Une convention entre la secrétaire d'Etat aux droits des femmes et le ministre de l'éducation nationale a été signée le 25 février dernier et vise à améliorer l'orientation scolaire afin d'élargir les choix professionnels.
Puisque vous évoquez un domaine qui m'intéresse beaucoup, celui des services de proximité, en particulier ceux de la petite enfance, le moment est effectivement venu, au sein de cette société, d'offrir à nos concitoyens une offre plus large de services à la personne. Cela nécessite souvent des renégociations des conditions de soutien dans les quartiers et de la mixité des financements.
Au sein du secrétariat d'Etat qui m'est confié, j'aurai à coeur d'y travailler, en liaison avec Mme Ségolène Royal. Sachez que, très rapidement, des propositions seront faites, dans ce domaine comme dans d'autres.
Mme Marie-Claude Beaudeau. Je demande la parole.
M. le président. La parole est à Mme Beaudeau.

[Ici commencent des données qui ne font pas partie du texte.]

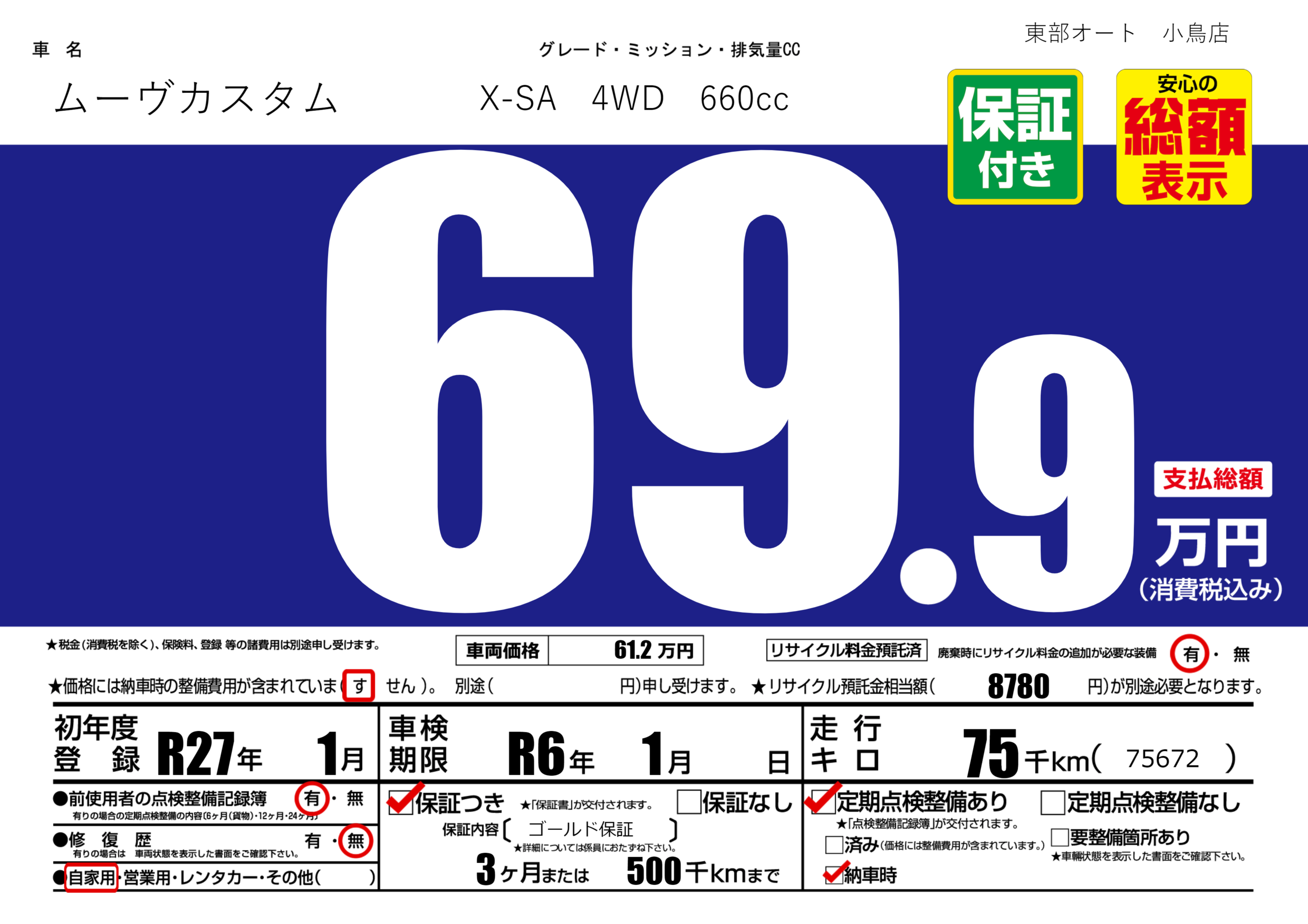 | 定期点検整備 | 定期点検整備あり 納車時あり | ||

Mme Marie-Claude Beaudeau. Monsieur le secrétaire d'Etat, je suis obligée de vous dire que votre réponse n'est pas à la hauteur des besoins ni à la mesure de l'urgence.
Vous faites référence à la loi de 1983 sur l'égalité professionnelle ainsi qu'à la proposition de loi qui a été adoptée à l'Assemblée nationale et que le Sénat sera appelé à examiner, mais il me faut tout de même rappeler que le taux de chômage des femmes atteint 12,5 % en France, qu'elles représentent près de 80 % des bas et des très bas salaires, qu'elles sont les premières victimes du temps partiel subi. J'ajoute que la différence moyenne de rémunération entre les hommes et les femmes s'établit encore à 27 % et que les déroulements de carrière des femmes sont, chacun en convient, beaucoup plus lents et beaucoup plus chaotiques.
En ce qui concerne l'aide à la personne et les emplois de proximité, il ne faut pas oublier que l'AGED, l'allocation de garde d'enfant à domicile, concourt au développement d'une catégorie d'emplois exclusivement féminins, peu qualifiés, extrêmement précaires et mal rémunérés : 3 600 francs par mois en moyenne pour une assistante maternelle indépendante. Si un effort doit être consenti, il faut donc qu'il concerne également les assistantes maternelles.
Je note que, dans votre réponse, vous n'avez pas du tout évoqué les moyens financiers. Moi-même j'ai déjà eu beaucoup de mal à obtenir des chiffres. En tout cas, il apparaît que le montant de l'argent public actuellement consacré aux crèches est modeste : 12 milliards de francs, dont 5 milliards de francs provenant des caisses d'allocations familiales et 7 milliards de francs des collectivités locales.
Ce montant progresse d'ailleurs généralement moins vite que le produit intérieur brut. En revanche, la participation financière demandée aux familles, elle, n'a cessé d'augmenter puisqu'elle est passée de 24 % à 28 % du montant total entre 1990 et 1997. Je n'ai malheureusement pas pu prendre connaissance de chiffres plus récents que ceux de 1997 ! Je pense donc qu'une enquête s'avère nécessaire.
Il est grand temps de changer de logique. Les crédits demeurent largement insuffisants en ce qui concerne tant les crèches que les assistantes maternelles, et je constate ce matin, pour le déplorer, que vous n'avez pas pris d'engagement nouveau à cet égard. Mais je ne doute pas que, en une période caractérisée par la croissance, une croissance à laquelle les femmes peuvent et doivent apporter leur contribution, le Gouvernement saura réexaminer cette question. Je crois que le travail des femmes vaut bien maintenant un engagement fort de la part de ce gouvernement.